Thermal radiation plays an important role in manufacturing industries for the design of nuclear power plants and several engineering applications. Due to its vital applications, numerous researchers have paid their attention to thermal radiation effect [12, 13, 14, 15, 16, 17]. Mahanthesh et al. [18] investigated the Marangoni transport of dissipating SWCNT and MWCNT nanofluids under the influence of magnetic force and radiation. Further, it is worth to notice that the linear radiation is valid for small temperature difference. But, for the larger temperature difference nonlinearized Rosseland approximation is to be considered. Hayat et al. [19] initiated the tangent hyperbolic nanofluid flow in the presence of nonlinear thermal radiation. The idea of nonlinear thermal radiation along with heat transfer phenomenon has recently been presented by so many researchers (see [20, 21, 22, 23]). Recently, Prasannakumara et al. [24] studied the effect of nonlinear thermal radiation on slip flow and heat transfer of fluid particle suspension with nanoparticles over a nonlinear stretching sheet immersed in a porous medium.

Three dimensional flow has many applications in solar collectors, aeronautical engineering, science and technology, crude oil purification, magnetic material processing, geophysics and controlling of cooling rate, insulation engineering, grain storage devices, ground water pollution, purification process and petroleum reservoirs. Wang [25] proposed three dimensional boundary layer flow induced by a stretching surface. The unsteady laminar boundary-layer flow of a viscous electrically conducting fluid induced by the impulsive stretching of a flat surface in two lateral directions through an otherwise quiescent fluid has been studied by [26] Takhar et al. The three dimensional flow and heat transfer over a stretching surface has been carried out by Ahmad et al. [27]. Ahmad and Nazar [28] studied the hydromagnetic flow and heat transfer over a bidirectional stretching surface. Choudhury and Das [29] studied the viscoelastic effect on free convective three-dimensional flow along with the phenomenon of heat and mass transfer. Nadeem et al. [30] examined the MHD three dimensional Casson fluid flow past a porous linearly stretching sheet. MHD three dimensional flow of couple stress fluid was studied by Ramzan et al. [31].

Convective flow in porous media has been widely studied in the recent years due to its wide applications in engineering as geophysical thermal and insulation engineering, the modeling of packed sphere beds, the cooling of electronic systems, groundwater hydrology, chemical catalytic reactors, ceramic processes, grain storage devices, fiber and granular insulation, petroleum reservoirs, coal combustors, ground water pollution and filtration processes, to name just a few of these applications.
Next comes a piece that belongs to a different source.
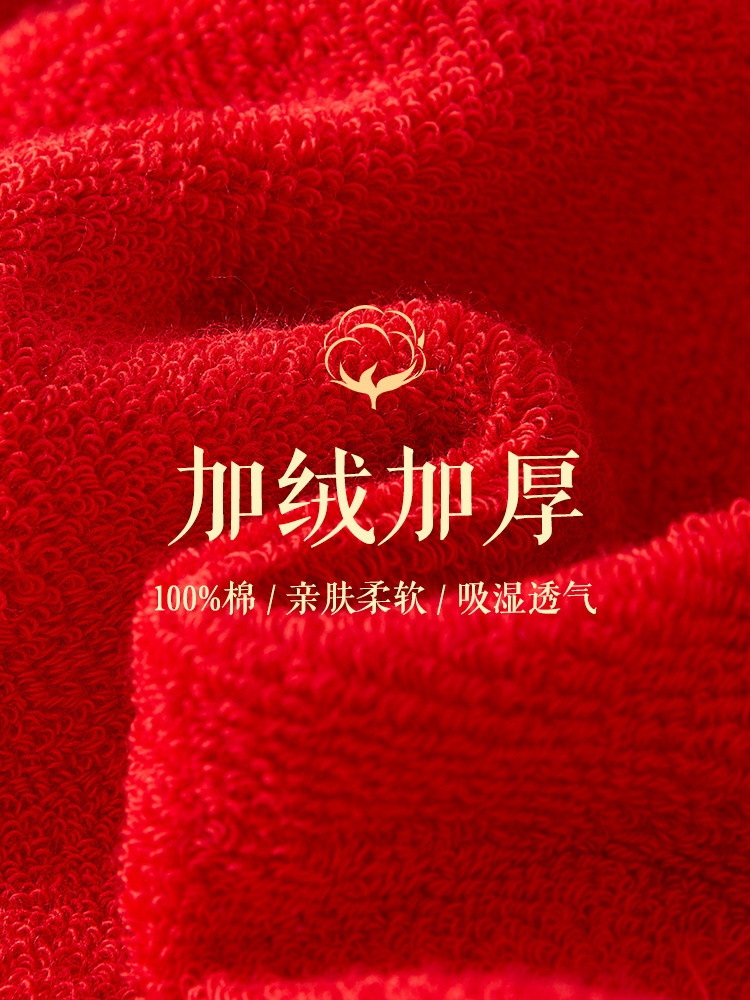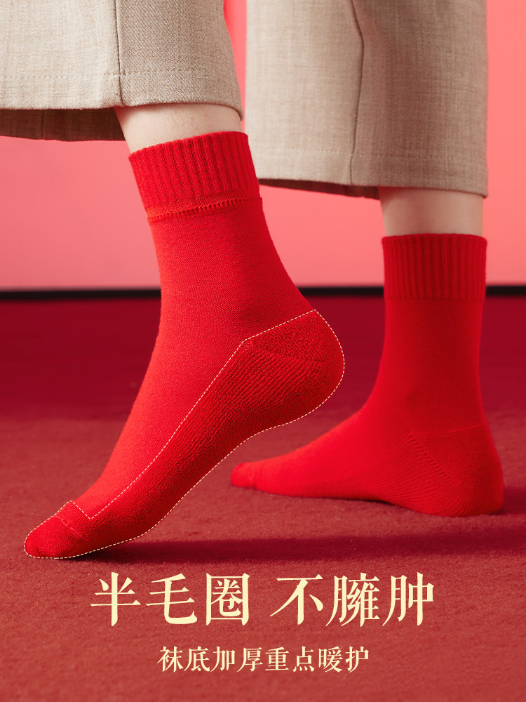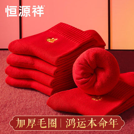 恒源祥本命年袜子男纯棉加厚毛圈保暖中筒女结婚福字大红色属蛇年
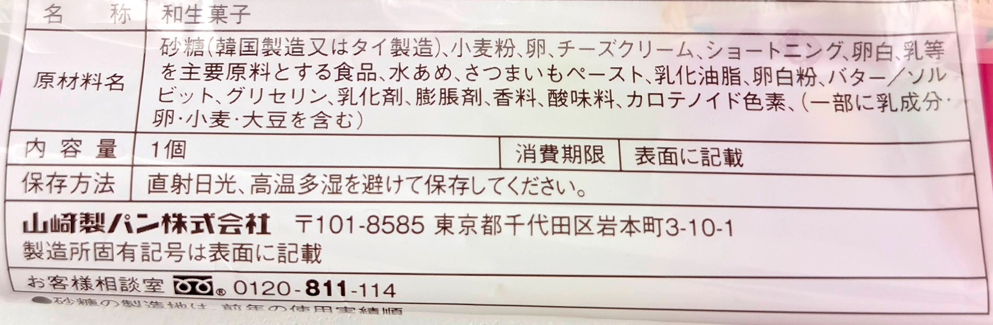 原材料名砂糖(韓国製造又はタイ製造)、小麦粉、卵、チーズクリーム、ショートニング、卵白、乳等を主要原料とする食品、水あめ、さつまいもペースト、乳化油脂、卵白粉、バター/ソルビット、グリセリン、乳化剤、膨脹剤、香料、酸味料、カロテノイド色素、(一部に乳成分・卵・小麦・大豆を含む)

Chamkha et al. [32, 33] studied the natural convection past an isothermal sphere in a Darcy porous medium saturated with a nanofluid. Chamkha et al. [34] have analyzed the boundary layer analysis for the mixed convection past a vertical wedge in a porous medium saturated with a power law type non-Newtonian nanofluid. Natural convection boundary-layer flow over a permeable vertical cone embedded in a porous medium saturated with a nanofluid in the presence of uniform lateral mass flux was presented by Chamkha et al. [35, 36].

To the best of author knowledge, until now, the flow and heat transfer of dusty fluid past a stretching sheet along with porous media in the presence of nonlinear thermal radiation and non-uniform heat source/sink has never been studied. The numerical solutions are obtained by applying RKF 45 method along with shooting technique.

2 Mathematical Formulation

Consider a steady three dimensional boundary layer flow of an incompressible dusty fluid over a horizontal stretching sheet embedded in a porous medium. The sheet is aligned with the xy-plane (z = 0) and the flow takes place in the domain z > 0. Let u_w = cλ x and v_w = cy be the velocities of the stretching sheet along the x− and y-directions respectively where c is the stretching rate and λ is the coefficient which indicates the difference between the sheet velocity components in x and y directions. The particles are taken to be small enough and of sufficient number and are treated as a continuum which allow concepts such as density and velocity to have physical meaning. The dust particles are assumed to be spherical in shape, uniform in size and mass, and are undeformable.

The coordinate system and flow regime are illustrated as in Figure 1. The boundary layer equations of three dimensional incompressible dusty fluid are stated as [8];

Fig. 1

A schematic flow diagram

with boundary conditions as [8];

where (u, v, w) and (u_p, v_p, w_p) denote the respective velocity components of the fluid and dust phases along the x, y and z-directions. ρ and ρ_p are the density of the fluid and dust phase respectively. k, ν, c_p and c_m are thermal conductivity, kinematic viscosity, the specific heat of fluid and dust phase, respectively. τ_T is the thermal equilibrium time i.e., the time required by the dust cloud to adjust its temperature to the fluid, τ_v is the relaxation time of the of dust particle i.e., the time required by a dust particle to adjust its velocity relative to the fluid. T and T_p represents the temperatures of the fluid and dust particles inside the boundary layer respectively. Throughout the study, it is assumed that, c_p = c_m. In deriving these equations, the drag force is considered for the interaction between the fluid and particle phases. h_f is the convective heat transfer coefficient, T_f is the convective fluid temperature below the moving sheet. Further, q″ is the space and temperature dependent internal heat generation/absorption (non-uniform heat source/sink) which can be expressed as;

where A^* and B^* are the parameters of the space and temperature dependent internal heat generation/absorption. It is to be noted that, A^* and B^* are positive for internal heat source and negative for internal heat sink.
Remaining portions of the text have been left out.